GPT (Generative Pre-trained Transformer) is known for its impressive performance for several reasons:
Scale: GPT models are incredibly large, with billions of parameters. This scale allows them to understand and generate human-like text across a wide range of topics.
Pre-training: GPT models are pre-trained on vast amounts of text data, allowing them to learn grammar, context, and world knowledge. This pre-training provides a strong foundation for understanding and generating text.
Transfer Learning: GPT leverages transfer learning, meaning it can be fine-tuned for specific tasks with relatively small amounts of task-specific data. This makes it versatile and applicable to various domains.
Decoding Techniques: Modern GPT models use advanced decoding techniques like beam search and nucleus sampling, which improve the quality of generated text and make it more coherent.

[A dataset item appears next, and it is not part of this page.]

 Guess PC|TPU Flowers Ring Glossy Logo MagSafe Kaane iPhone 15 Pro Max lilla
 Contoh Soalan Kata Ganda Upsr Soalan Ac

Continual Improvement: GPT models have seen continuous iterations and improvements, resulting in better performance and reduced biases in later versions.

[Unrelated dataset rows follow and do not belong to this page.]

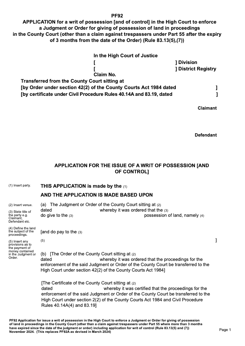 Application for a writ of possession [and of control] in the High Court to enforce a Judgment or Order for giving of possession of land in proceedings in the County Court (other than a claim against trespassers under Part 55 after the expiry of 3 months from the date of the Order) (Rule 83.13(5),(7))
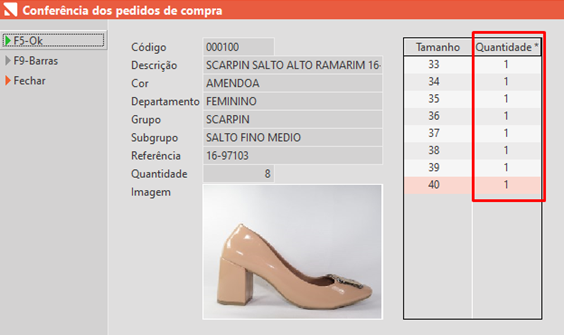 Será aberta a tela de conferência e nela você deve informar manualmente na tabela, a Quantidade que chegou de cada Tamanho. Após adicionar as quantidades você pode clicar em F5-Ok.
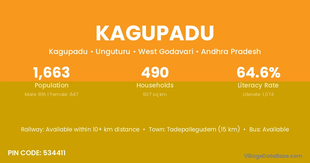 Tadepallegudem (15 km) is the nearest town to Kagupadu village for major economic activities and is located approximately 15 km away.
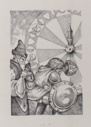 That said, here are two more pieces from the same little stash, the first of which is definitely from THE GATES OF FIRESTORM PEAKE; it's by Arnie Swekel (as were at least two of the three pieces in my last post) and cost the kingly sum of $3. The second I'm think is unassociated: simply something I picked up at artists' row outside the GenCon dealers' room circa 1996 or 1997.
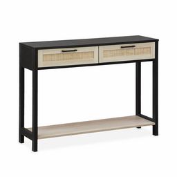 Console décor bois noir et cannage 100 x 30 x 75cm - Bianca - 2 tiroirs - 1 étagère
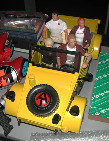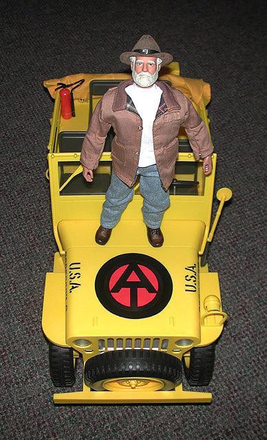 This is Formative International (Soldiers of the World) new "Follow Me" Jeep. It's bright Adventure Team yellow, and quite nice! It comes with a roll-bar-like frame with canvas cover also in yellow. In this picture it is retracted. I added the fire extinguisher, and I'll probably add more to it later.
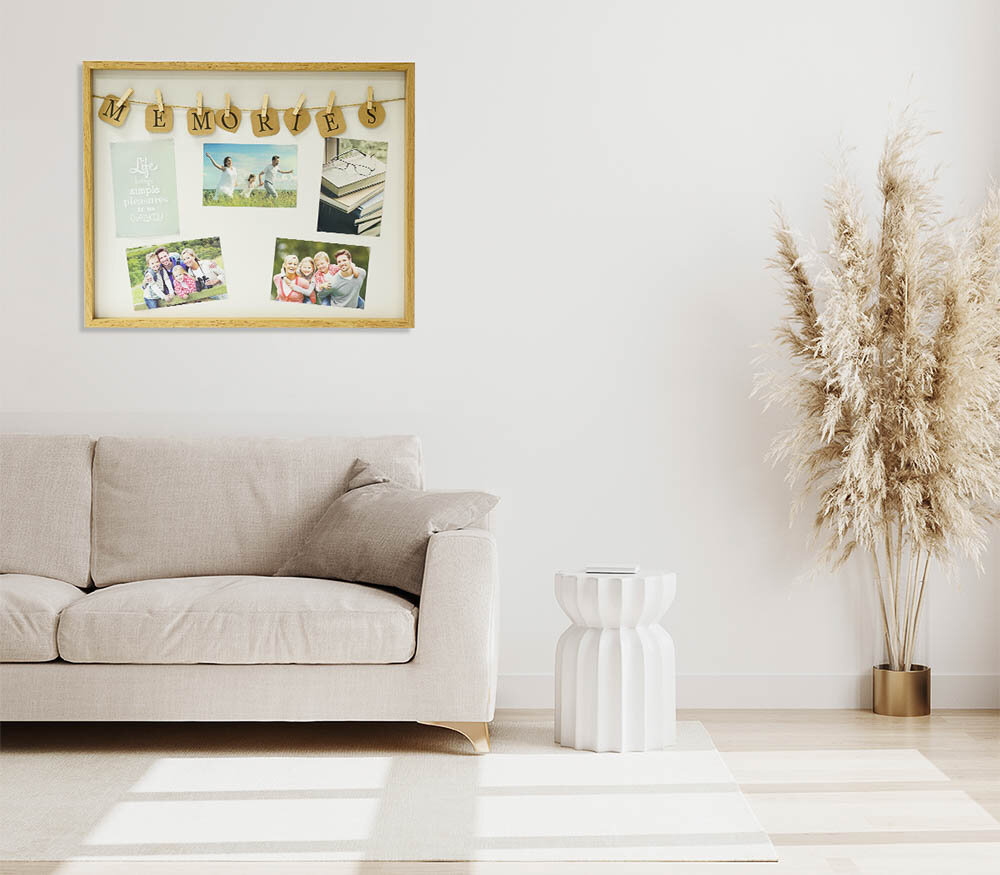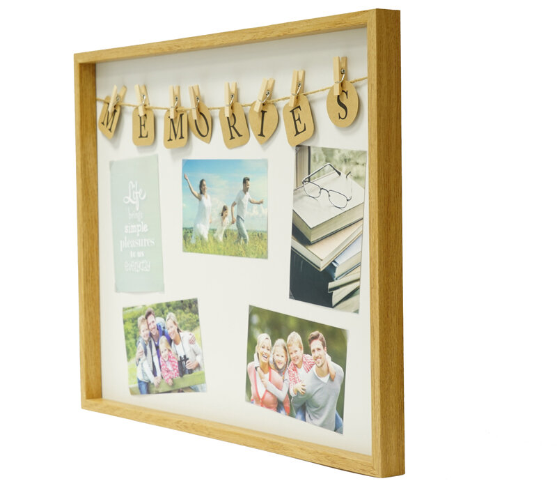 Мультирамка Fotografia "Memories" на 5 фотографий 10 х 15 см. Фотографии крепятся прозрачными уголками, которые идут в комплекте. Багет выполнен из МДФ, древесного волокна – достаточно легкого и при этом прочного, долговечного и экологически безопасного материала. Задник выполнен из плотного листа оргалита; стекло у этой модели отсутствует. Цвет багета: светлое дерево (дуб). Универсальный дизайн, хорошо подходит для семейных снимков.Данная рамка предназначена для настенного размещения, для этого с тыльной стороны у нее имеются крепления под гвоздь или крючок. Все фоторамки надежно упаковываются нашими специалистами, чтобы вы получили их в самом лучшем виде. Бренд Fotografia объединяет под собой коллекции фотоальбомов и рамок. Рамки Fotografia с вашими любимыми фотографиями станут отличным украшением любого интерьера. Они хорошо подходят в качестве подарка: например, на День рождения или годовщину свадьбы.

@sarvpriy_arya Backed by Microsoft, VC money 😂
IMO, they got first-mover advantage!
Jokes apart, I find Sam Altman an incredible person behind scaling it.
He says, the #1 reason behind scaling is "People like it & they share it with one another - like hey try this new thing called Chat-GPT, it's amazing"
I dont agree that the ChatGPT is one of the earliest AI products, there is so many before chat-gpt, but chat-gpt is the first one who get on the hype train. Good marketing strategy, a lot of partnerships do the thing.